Anderhalf jaar na de Summer of Love las ik als achttienjarige Turks fruit. Het zou voor altijd mijn favoriete liefdesroman blijven. Zó opwindend kon het leven zijn, zo onbekrompen, onburgerlijk, hartstochtelijk, geil. Je moest ervoor in Amsterdam zijn, erop los leven zonder geld, overdag vrijen, ’s avonds naar de film en nachtconcerten en daarna slapen in de armen van je lief.
Turksfruit staat voor waar ik naar snakte: een leven als een man. Want het was niet de gedienstige Olga met wie ik me identificeerde, maar haar bruisende geliefde. Olga vertedert hem zoals een kind je vertedert omdat het denkt dat De kersentuin een boomgaard is met onbeperkt smullen. Hij aanbidt haar ‘obscene lijf’ zolang hij daar de baas over is en vindt het fijn dat ze ‘op een fantastische manier voor het huishouden zorgt’. Om hun eten te betalen werkt ze voor een gulden per uur in een fabriek.

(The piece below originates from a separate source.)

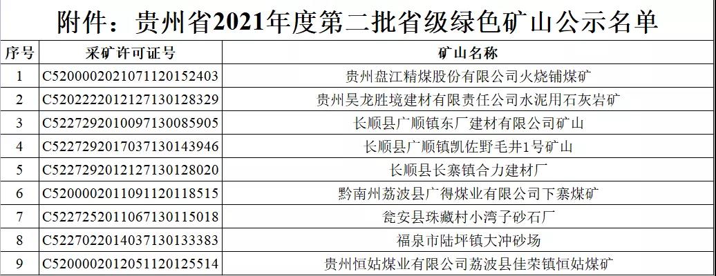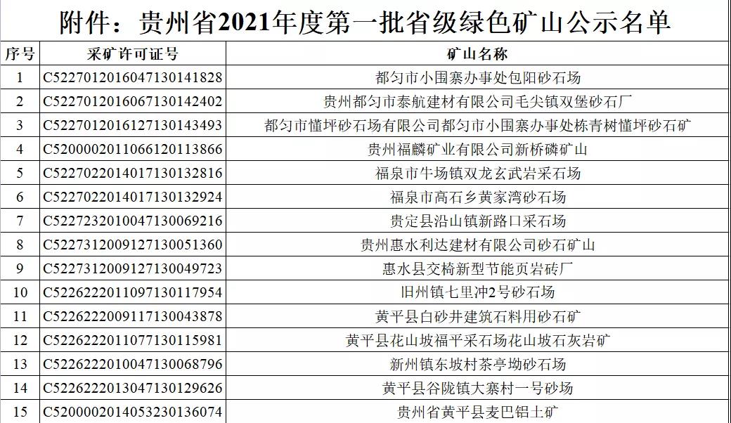 貴州省2021年度第一批省級綠色礦山遴選結果公示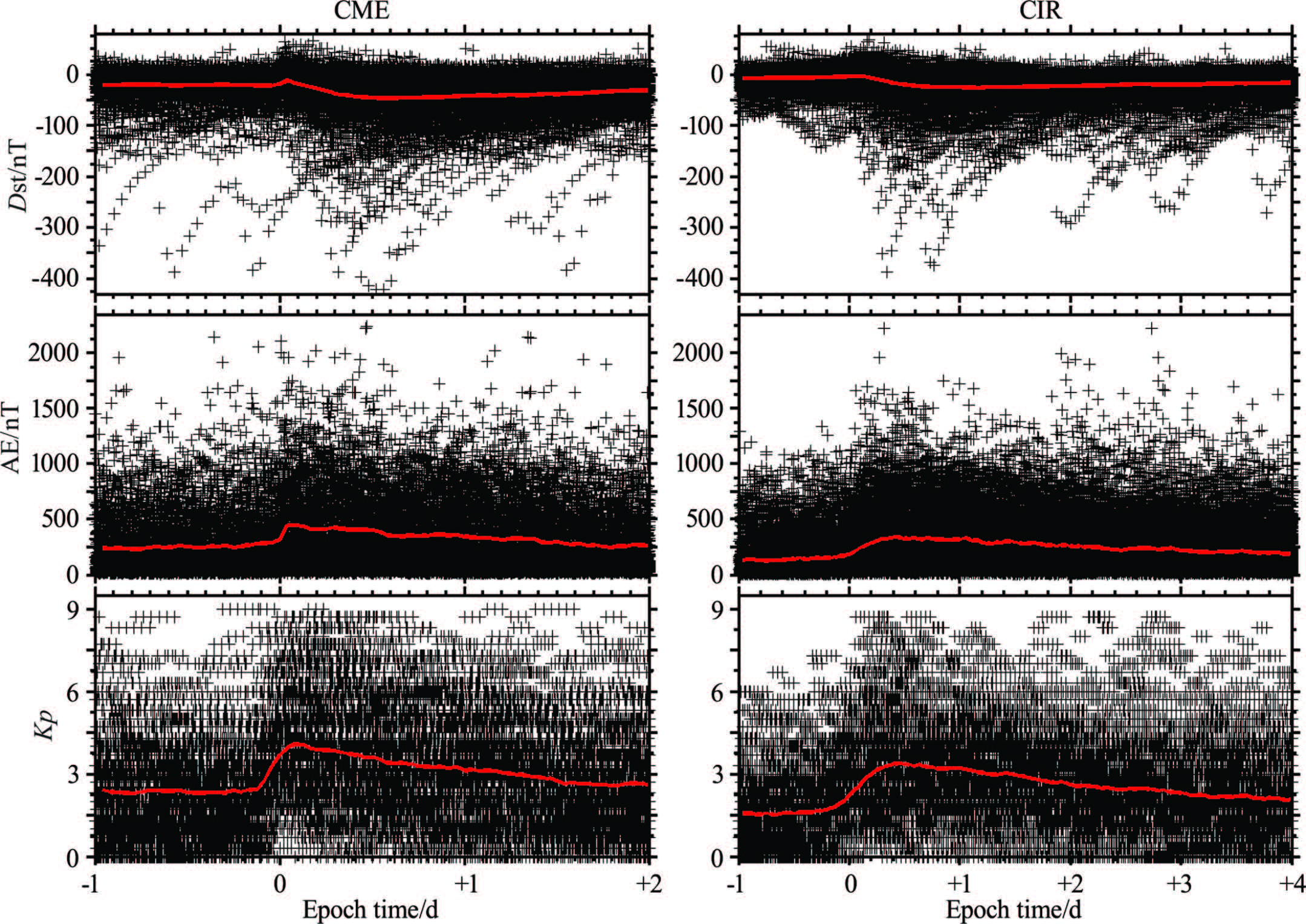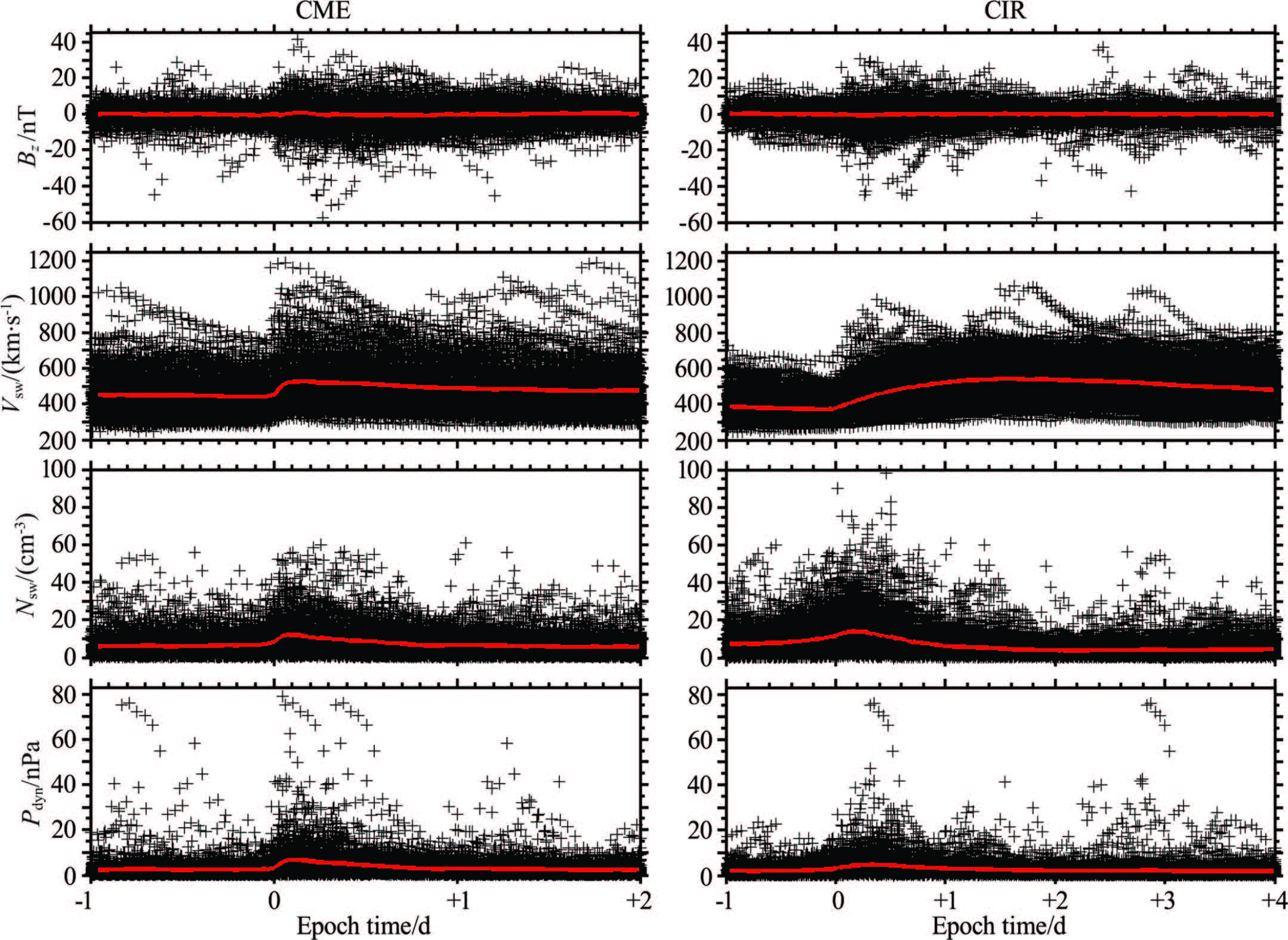 Figure 2 gives the results of solar wind parameters for all CME and CIR events during 23rd solar cycle(include IMF Bz, solar wind speed, solar wind proton density, and solar wind dynamic pressure)using superposed epoch analysis. The black “+” represents each point of CME and CIR events, and the red line represents the mathematic averages of the temporal variations. Statistically, IMF Bz, solar wind speed and solar wind dynamic pressure for CME events have a larger range than CIR events, but the solar wind proton density for CIR events has a larger range than CME events. For example, solar wind speed of some CME events can be larger than 1000 km·s-1, but CIR events is always less than 1000 km·s-1. The number of CME events with solar wind dynamic pressure peaks >30 nPa is much larger than that of CIR events. The proton densities for all CME events are less than 60 cm-3, but they can reach as large as 100 cm-3 for CIR events. The results of superposed epoch analysis show that the differences of statistically averaged IMF Bz between CME and CIR events are small. Although the solar wind speed shows obvious increase for both CME and CIR events, the former is much faster and decrease substantially within a few hours, while the latter increase slowly within one or two days after zero epoch. In addition, the statistically averaged dynamic pressures of CME events change more distinctly than CIR events, while the proton densities of CIR events are more variable.

Zodra ze door van hem te scheiden ‘het bestuur (krijgt) over haar roerende en onroerende zaken en het vrije genot van vruchten’, is het afgelopen met de vertedering. De ik-figuur vindt Olga ineens een hoer, ‘een juffrouw waar wel wat mee te beginnen valt’, ‘een op drift geraakte meid uit de provincie’. Pas als ze stervende is en opnieuw van hem afhankelijk verandert ze weer in het meisje van zijn dromen met wie hij zo ‘beestachtig gelukkig’ leefde.
Voor haar was het een nachtmerrie. Achteraf verwijt ze haar zelfverklaarde Tarzan dat ze zich ‘opgesloten had gevoeld en in al die jaren geen een keer alleen de stad in was geweest’ en dat hij ‘veel te vaak met haar naar bed ging. (…) Ze had het uitgerekend, soms zeven keer op een dag. Dat was niet normaal meer.’
Nee, liefde is niet normaal. Liefde is een droom, waarin ik dankzij Jan Wolkers ben gaan geloven.